The bank added that at the same time, the coronavirus’ pervasive reach has put a stronger light on distributional issues, notably the need to protect the most vulnerable members of society who are likely to bear a disproportionate burden from the pandemic.
It is therefore imperative that the budget deals with the worsening fiscal position, even if it means that some difficult decisions will have to be made. The Finance Minister must find creative ways not to significantly worsen the deficit and the debt position even as he waits like the rest of the world for a vaccine and a return to some sense of normality.
The challenge is that the Finance Minister is essentially the bookkeeper and the Ministry of Planning that should lead the strategic approach has too often been weighed in the balance and found wanting. It has never been given the weight it deserves.
When things got challenging for TKR and they needed him to step up, Kieron Pollard rose to the occasion in the CPL. We remember well, his leading from the front when the team looked all but dead in the water. He showed skill, thought, boldness and that he was the man for the job.
If we are to believe Dr Rowley that he is leaving at the end of this term, what would be his legacy? What will the history books tell future generations about him, other than he came from Mason Hall to Whitehall?
Will they say he led the country out of a pandemic and transformed, or at least set the wheels in motion, to transform the economy? Or will the history books say this was a time the country yearned for leadership and could not find it in the proportions required?
I fear we may say as Virginia Wolf did in her masterpiece To the Lighthouse: “Who shall blame the leader of the doomed expedition, if, having adventured to the uttermost, and used his strength wholly to the last ounce and fallen asleep not much caring if he wakes or not, he now perceives by some pricking in his toes that he lives, and does not on the whole object to live, but requires sympathy, and whisky, and someone to tell the story of his suffering to at once? Who shall blame him?”

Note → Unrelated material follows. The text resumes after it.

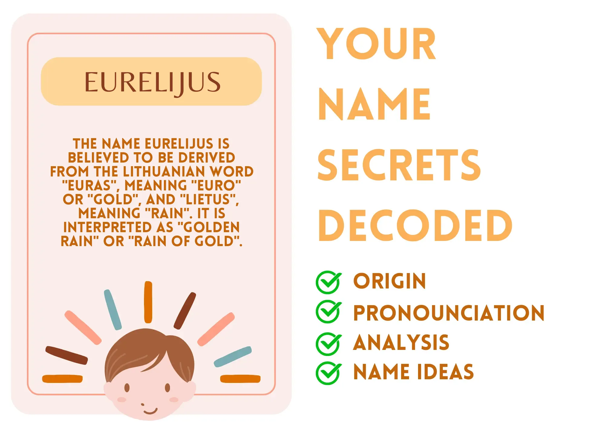 Imagine the meaning behind Eurelijus as if it's a refreshing spring rain, falling softly yet leaving a trail of golden leaves. The name brings together "euras," meaning "euro" or "gold," and "lietus," which means "rain." This combination, often interpreted as "golden rain," symbolizes prosperity and abundance that translates into Eurelijus's life. Much like raindrops nourishing the earth, Eurelijus tends to nourish friendships and relationships, bringing warmth and richness to those around him. Just consider him the friend who always finds a way to sprinkle joy—you know, the one who can light up the room with his vibrant presence!

You see transformational leadership would require Dr Rowley to do the big and often hard things.
The silence on the Roadmap to Recovery report tells me that the Government is not prepared to implement it in the spirit it was sought and given. The country must not stand for it.
The country must insist that this constant setting up of committees when the nation demands action and then over time not implement recommendations must come to an end. We are replete with reports and short on implementation.
Pollard showed that he could call on his bench to come to the fore and even as Narine and others were injured, others stepped up. It is why we have to question the decision by the Prime Minister to bring back his Trade Minister who spend five years in government and the ease of doing business went in the wrong direction? Was there no one else that could be found? Is the bench that weak?
The country takes its tone from the leader and in a time of hardship, when cracks show more than ever Dr Rowley must show magnanimity, foresight and though and insist that he is the Prime Minister for all the country.
Time will tell us if he will be a chapter or a footnote in the history books.